TASK DESCRIPTION:
In the data below, find the line with "スコップを手に持って、「お芋" and output it along with every later line, exactly, but not the pictures.

Start of MATERIAL PROVIDED

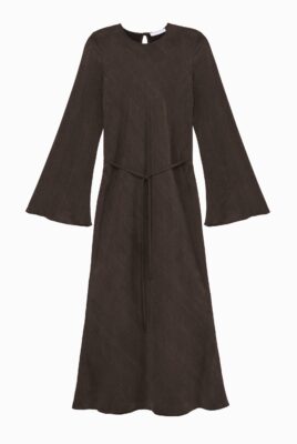 Model ROSIE to długa sukienka typu midi, charakteryzująca się krojem, który podkreśla sylwetkę. Jej fason gwarantuje doskonałe dopasowanie do ciała, nie krępując przy tym ruchów. Sukienka znakomicie eksponuje kobiece kształty, jednocześnie subtelnie wysmuklając sylwetkę. Konstrukcja sukienki jest ponadczasowa i bez trudu dostosuje się do Twoich potrzeb, oferując wiele możliwości stylizacyjnych. Dodając ulubioną bluzę, sweter lub ramoneskę, w mig zmienisz swój look z wieczorowego na codzienny!
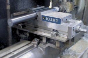 Self-centering vises from Kurt Manufacturing Co., Industrial Products Div., improve machining center productivity by positioning and clamping workpieces precisely and quickly on a defined symmetrical axis.
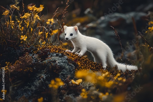 © enter, Fototapeta premium A white weasel stands alert on a rock, surrounded by soft-focus greenery, with a curious expression and bright eyes.
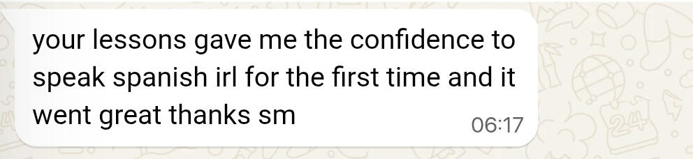 Our classes help you stay motivated with clear goals, clear progress, and let you practice speaking without any pressure.What our students love most is how much focus we put on helping you speak and understand real spoken Spanish, not just grammar.And if you don't like it, we'll give you every cent of your money back. No questions asked.
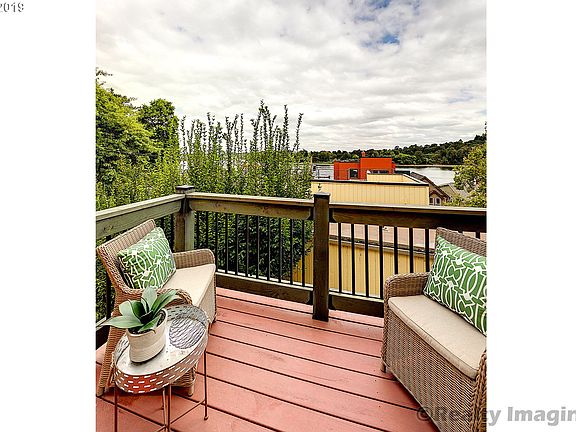 John's Landing living with expansive 25x21 rooftop deck for relaxing & entertaining with 360 view of river, Mt Hood & West Hills. 1 block to river walk, bike path & Willamette Park. Floor plan: Great Room, 2 bedrooms, 2 baths, 2 fireplaces, & 2 balconies. Abundant natural light. Numerous green features, energy efficient construction, honed granite, renewable woods in floor, ceiling & cabinetry. Travertine baths. Separate ground floor guest suite: LR/BR/BA,laundry perfect for office or in-laws.
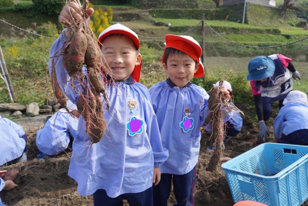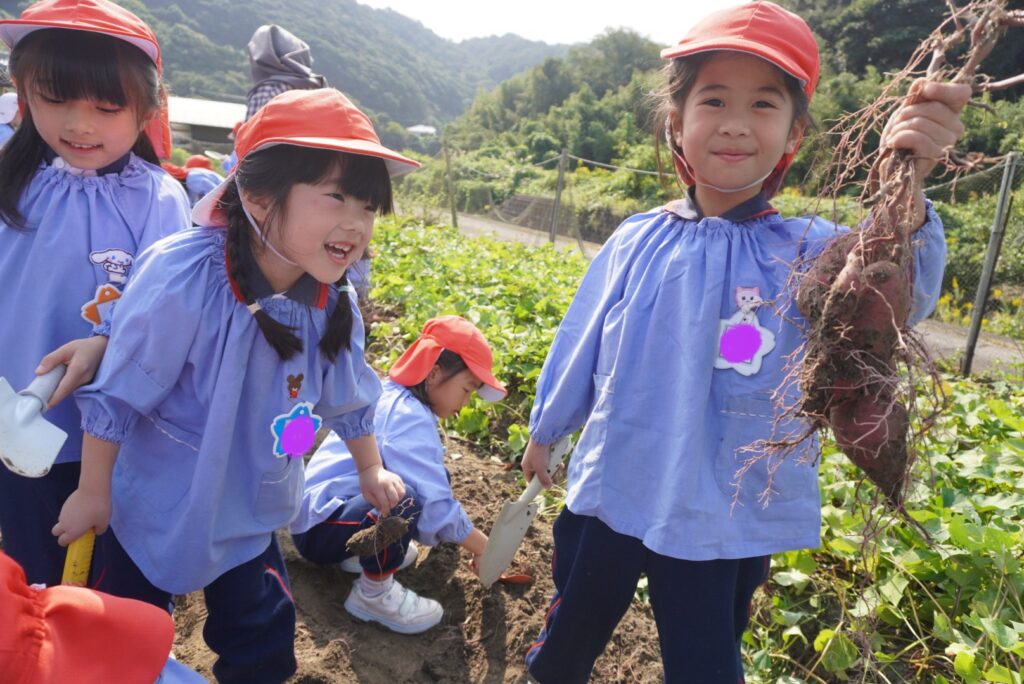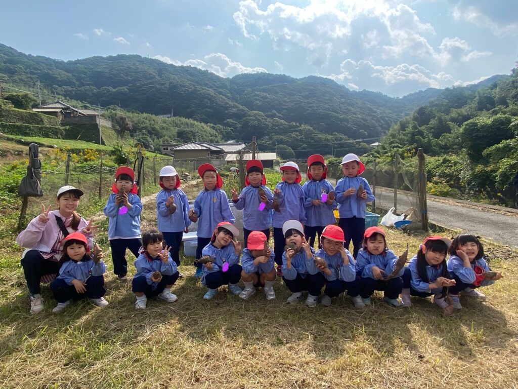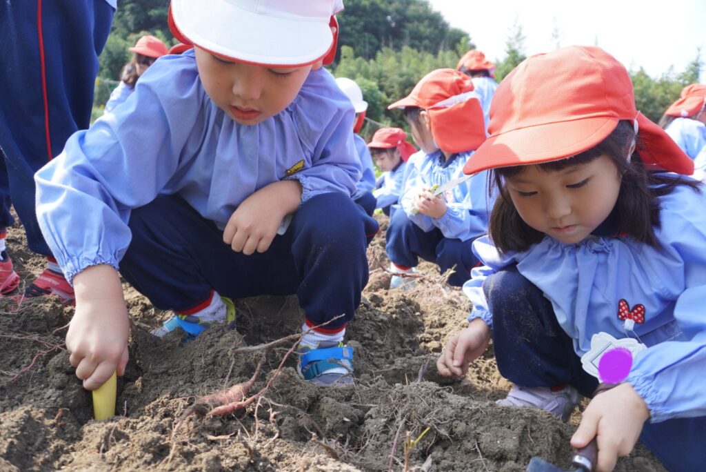 スコップを手に持って、「お芋たくさん掘るぞー!!おー!!!!」と気合いを入れてお芋掘りスタート!
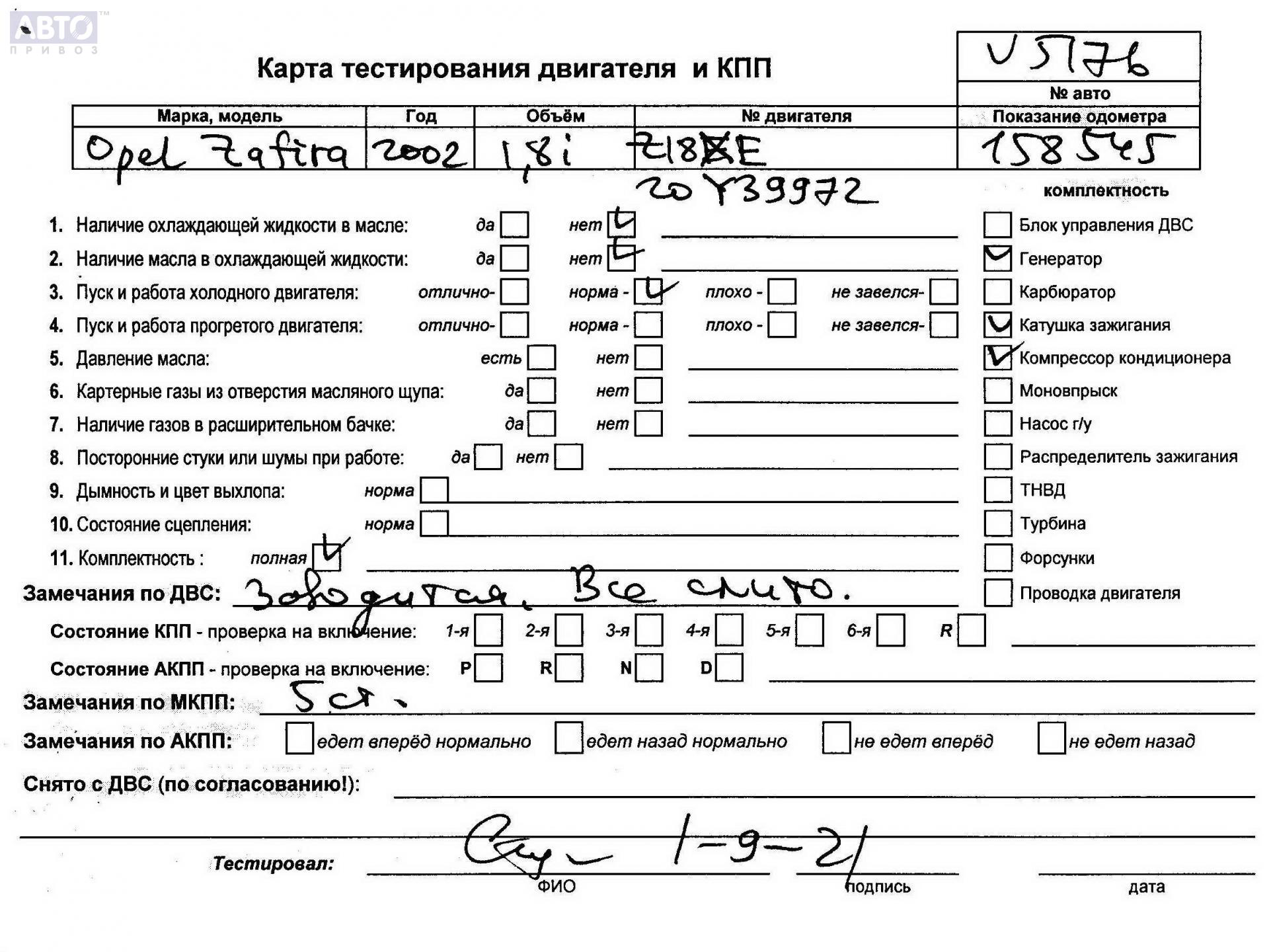 | Марка / Модель / Год: | Opel Zafira A (1999-2005) 2002 |

End of MATERIAL PROVIDED

SOLVED EXERCISE:
 スコップを手に持って、「お芋たくさん掘るぞー!!おー!!!!」と気合いを入れてお芋掘りスタート!
 | Марка / Модель / Год: | Opel Zafira A (1999-2005) 2002 |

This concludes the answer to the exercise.